Deborah Anderson has written for Focus on the Family, Chicken Soup for the Soul, and numerous other publications. She is a member of SCBWI, TWV, ACFW, CWG, and FCW. Married 31 years, Deborah and her husband enjoy country living in the Midwest. She also spends her time rescuing cats, reading novels, and taking nature walks. Deborah recently completed a supernatural suspense novel for young adults. You can contact Deborah at: DAnderson955@aol.com. Visit her at www.deborahkanderson.com.

Diary of A Crazy Writer

Stock Your Cupboards

Have you ever developed mad food cravings—while reading a novel?


I certainly have, more times than I can count.


A few months ago, I plopped down in my trusty rocker, grabbed a book, and pored over the pages. As I read along, the character suddenly smelled bacon frying. The author described the skinny pieces of pork in vivid detail, the precious little lamb chop.


My stomach rumbled as I flipped to the next page. Bacon. Hmm.


I eyed the clock: 2:00 a.m. It was too late to go out, unless I wanted someone to mug me, which I didn’t, so I pressed onward, trying to stay focused on the story.


Before I could finish the next chapter, the salivating began. A BLT doesn’t sound bad right now.


I set the book aside, tiptoed to the kitchen, and rummaged through the refrigerator. I didn’t have any bacon, let alone the rest of the ingredients to make a BLT. I tapped my finger on my chin. You shouldn’t cook this late anyway.

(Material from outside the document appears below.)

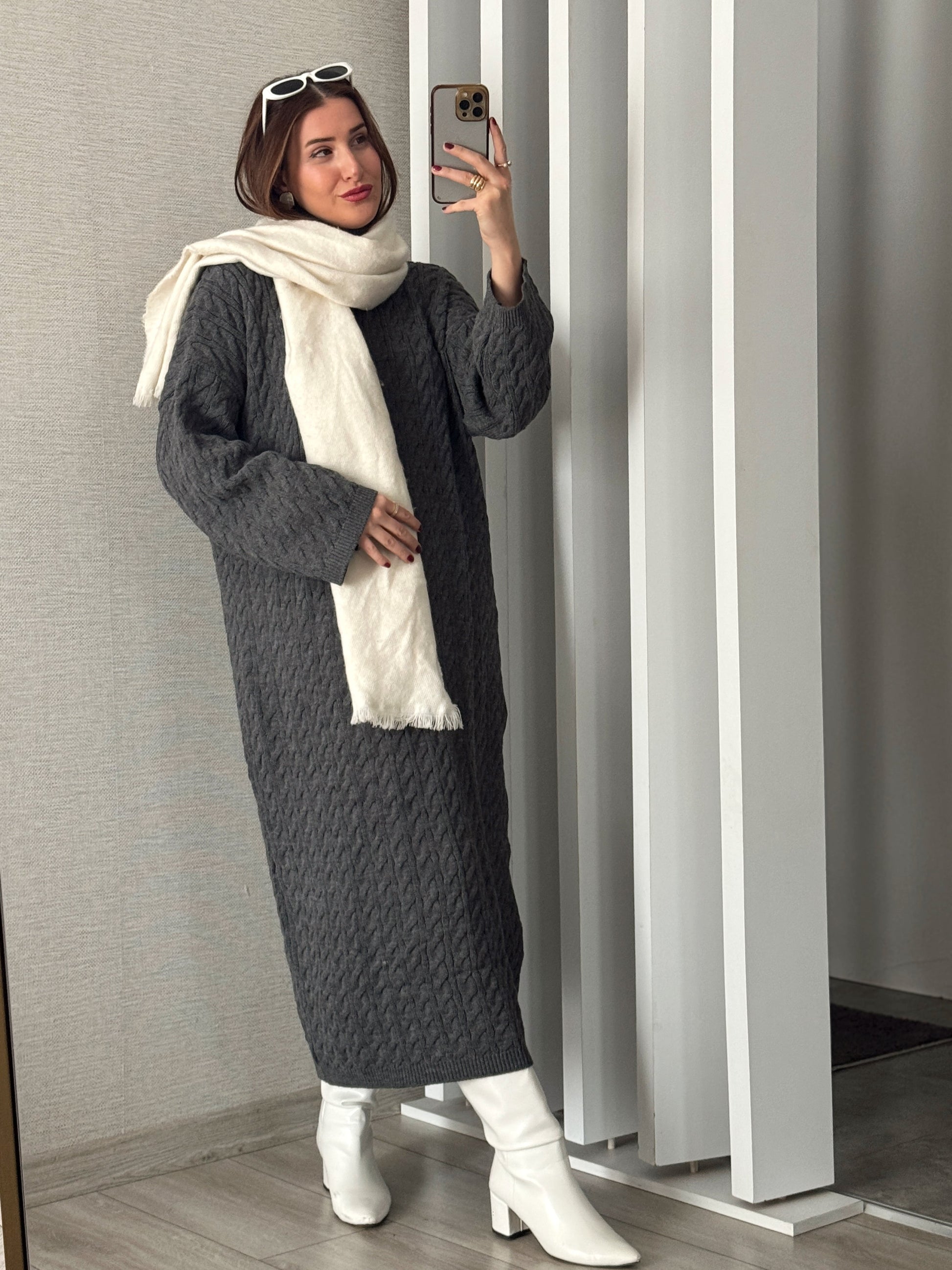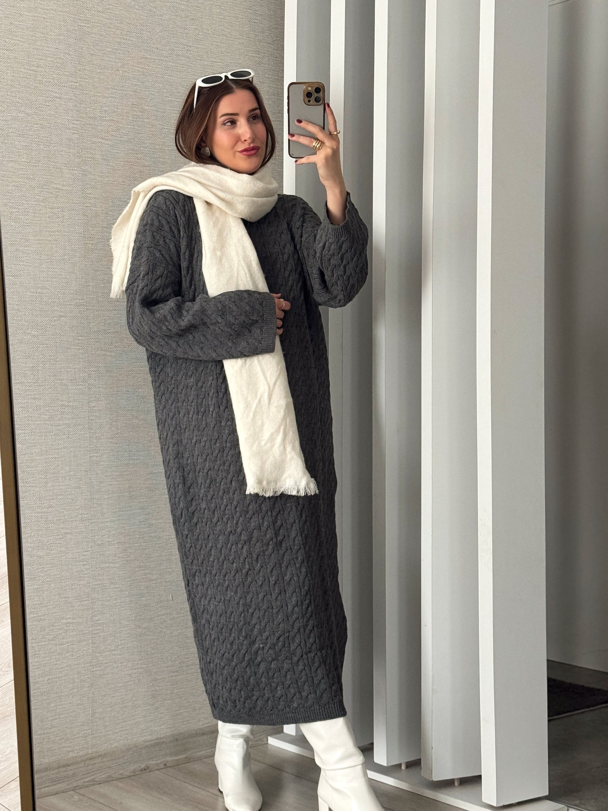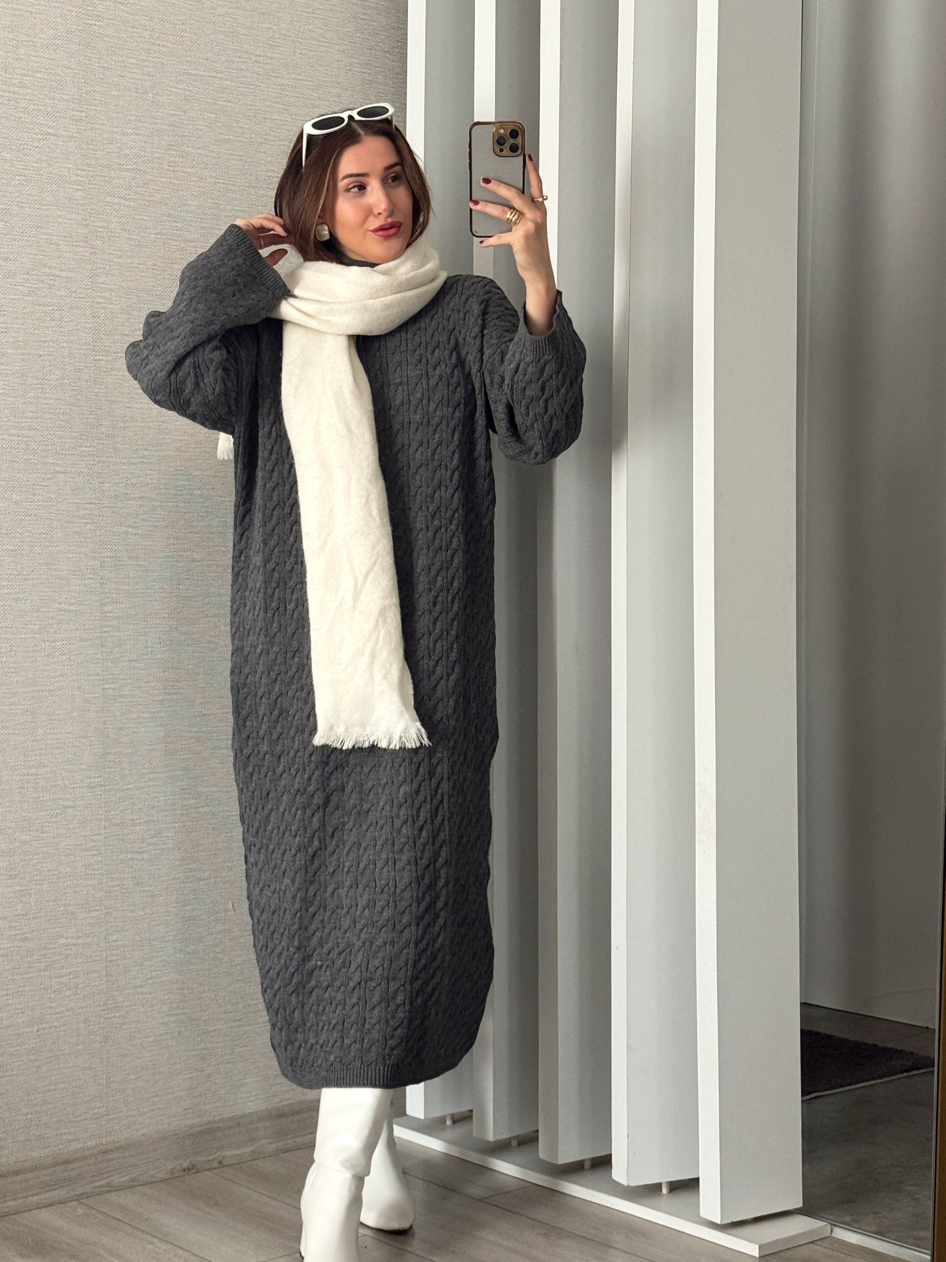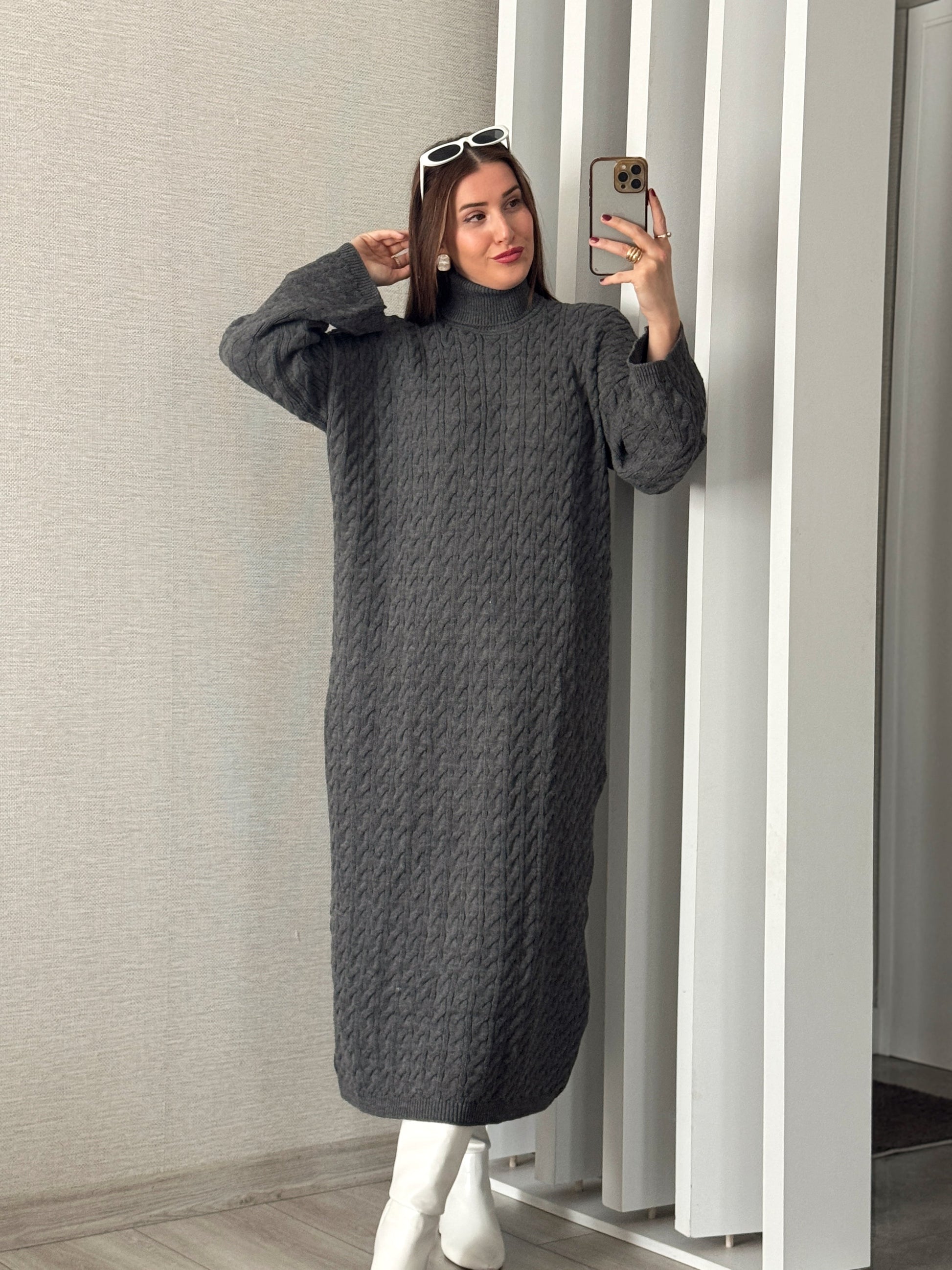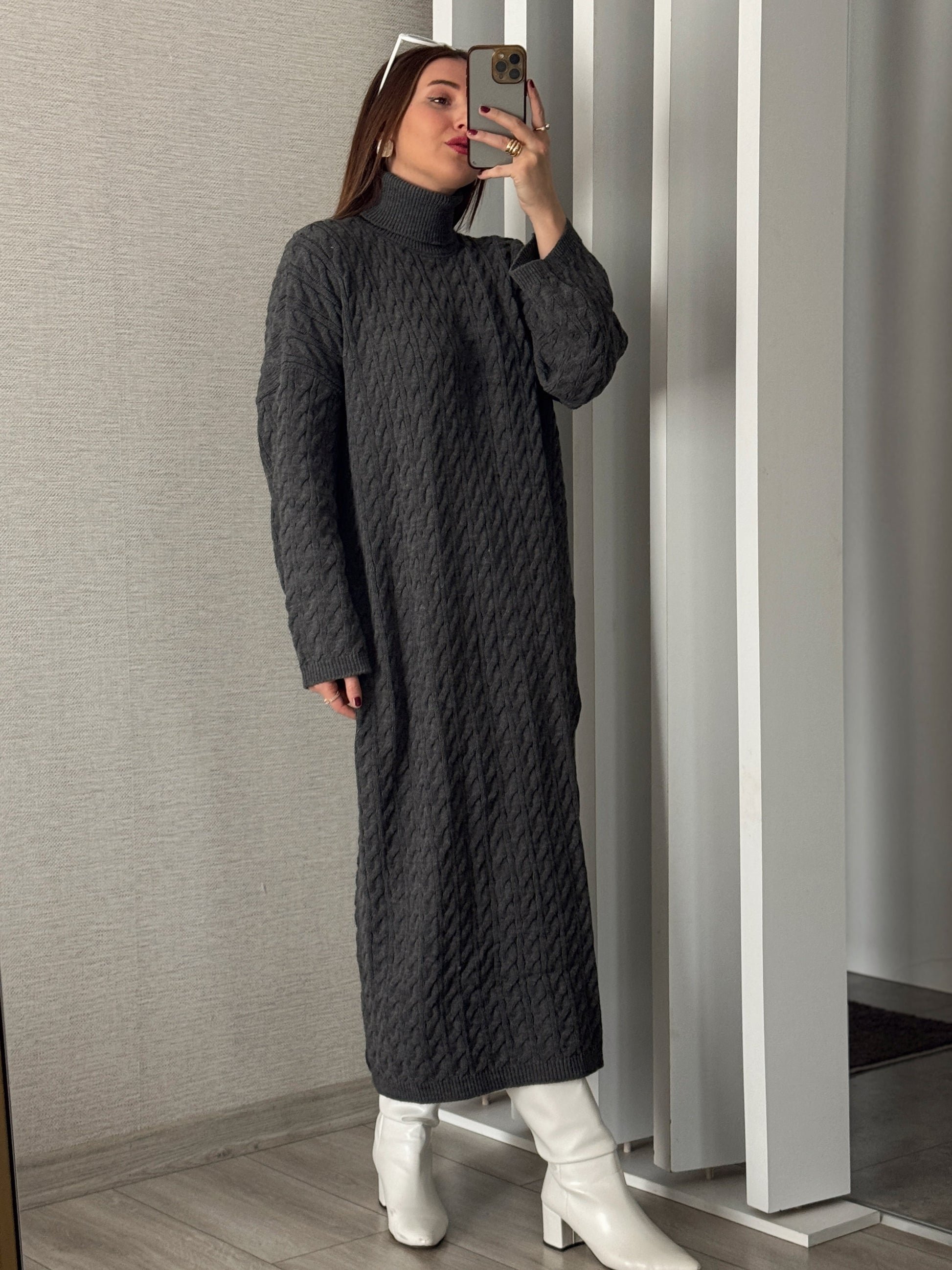 Balıkçı Saç Örgü Elbise - FÜME

Although I’d done so before, my behavior didn’t make my husband too happy, let me tell you. Banging pots and pans in the kitchen in the middle of the night made him think a burglar had invaded our home—not a pretty sight—poor thing.


And poor me.


A woman holding a spatula is no match against a man packing a pistol.


But at least no one was injured.


Now that I think about it, wandering out to get a sandwich in the middle of the night probably would have been safer.


Anyway, I’ve come to the conclusion that authors should put food disclaimers on their novels. Since there’s no such thing, though, I’ve compiled a short list to prevent other readers from going through what I have.


Warning: The following list can be hazardous to your waistline. If you’re trying to lose weight, replace the fattening foods with healthier tidbits, such as raw carrots, celery, cauliflower, fruit, etc.


• For an Amish novel, stockpile lots of sweets. Those gals do some serious baking.
• If you’re reading a mystery/suspense/thriller, or a supernatural suspense, have something crunchy on hand to get you through those edge-of-your-seat moments. Chips, nachos, or pretzels should do.
• For a romance, well, let’s be honest. Food’s the last thing y’all are thinking about.
• Oh, and for historical novels, I suggest bacon, potatoes, and other hearty morsels of food. Those women knew how to put out quite the spread.


These are just a few of the genres/foods that come to mind. If you really want to get serious about this, you can check out this new e-book: Novel Morsels: Your Favorite Authors Bringing Recipes to Life. These authors definitely had us readers in mind, God bless their hearts.


Just think, you can write down what you need for the recipes in the book, go to the store, and stock your cupboards first. When one of those cravings hits, you’ll be all set.